その為、defファイルを用意してこれと、先ほどの.a形式のライブラリから.dll形式を生成。また、MSVCの処理系でのリンク時に必要な.libファイルを.defから生成しておく。 といった具合になかなか面倒な作業が必要となる。

dllを作る

DLLはMinGW版のgcc(cgoで指定しているgcc)で行った。

gcc -m64 -shared -o imgtype.dll imgtype.def libimgtype.a -Wl,--allow-multiple-definition -static -lwinmm -lntdll -lWs2_32 

libファイルを作る

.libファイルはMSVC付属のlibコマンドで行う。

lib /machine:x64 /def:imgtype.def

これで、MSVCなmrubyに組み込む準備が出来た。

github.com

mrubyからGoの呼び出し

ここまでくれば、あとは、mrbgemを書くだけ。 作成した.libファイルをmrbgem.rakeに以下の様に記述して

spec.linker.flags_before_libraries << "imgtype.lib"
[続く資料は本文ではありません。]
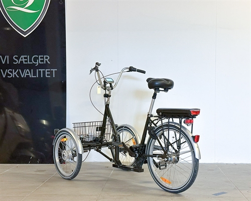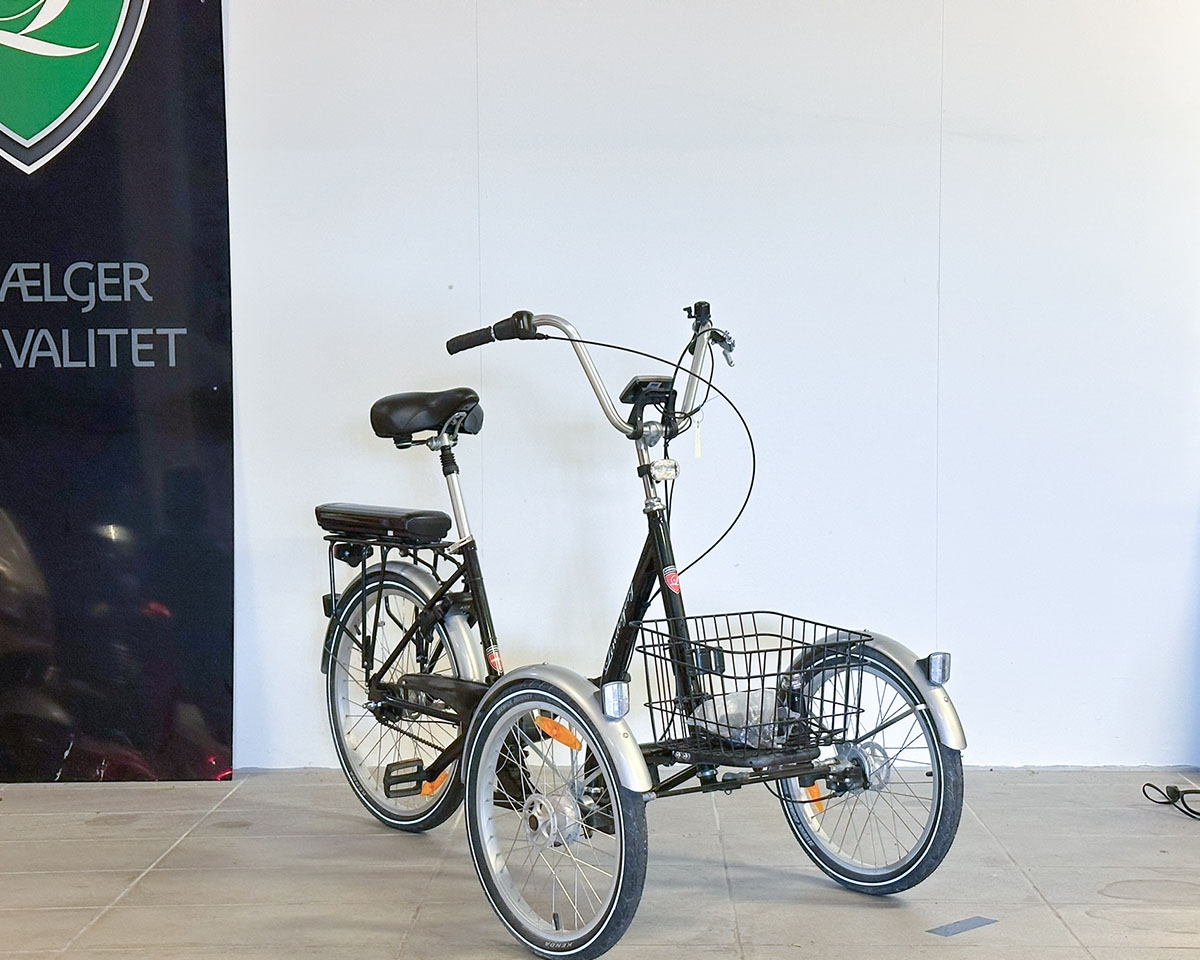 Næsten ny FL-7 seniorcykel. Cyklen er udstyret med affjedring i sadelpinden og en praktisk forkurv til ekstra bagage. Dertil er cyklen monteret med et sæt punkterhæmmende dæk. Cyklen er god og stabil og du vil opleve glæden ved at få vind og håret samt hurtigt og ubesværet at komme fra A til B.

環境変数LIBにimgtype.libファイルへのパスを通しておき、rakeでGoのライブラリを組み込んだmruby.exe,mirb.exeが出来る。

github.com

動かす

今回必要なmrbgemは以下

conf.gembox 'default'
conf.gem '../mruby-webcam'
conf.gem '../mruby-imgtype'
conf.gem :github => 'matsumoto-r/mruby-sleep'  

Webカメラの映像をコマンドプロンプトVimの:terminalに表示するmrubyのスクリプトは以下。

Imgtype.init

cam = Webcam.new
cam.setFmt "ppm"
cam.capture {|img|
  Imgtype.imgtype img
}
while true
    cam.snap
    Sleep::usleep(1000)
    if Imgtype.get_key == "ESC" then
        break
    end
end
Imgtype.close

実行結果

Imgtype.get_keyがWindowsAPIを直接読んで対応している。キー入力をポーリングせずに取得するのに意外とハマった。

まとめ

今回はGo言語でライブラリを作成し、それをmrubyから呼び出し、 そこそこ実用的な処理を動かすという実績が作れた。

今回の作業を通して、Go言語でのスライスの扱いも少しわかってきました。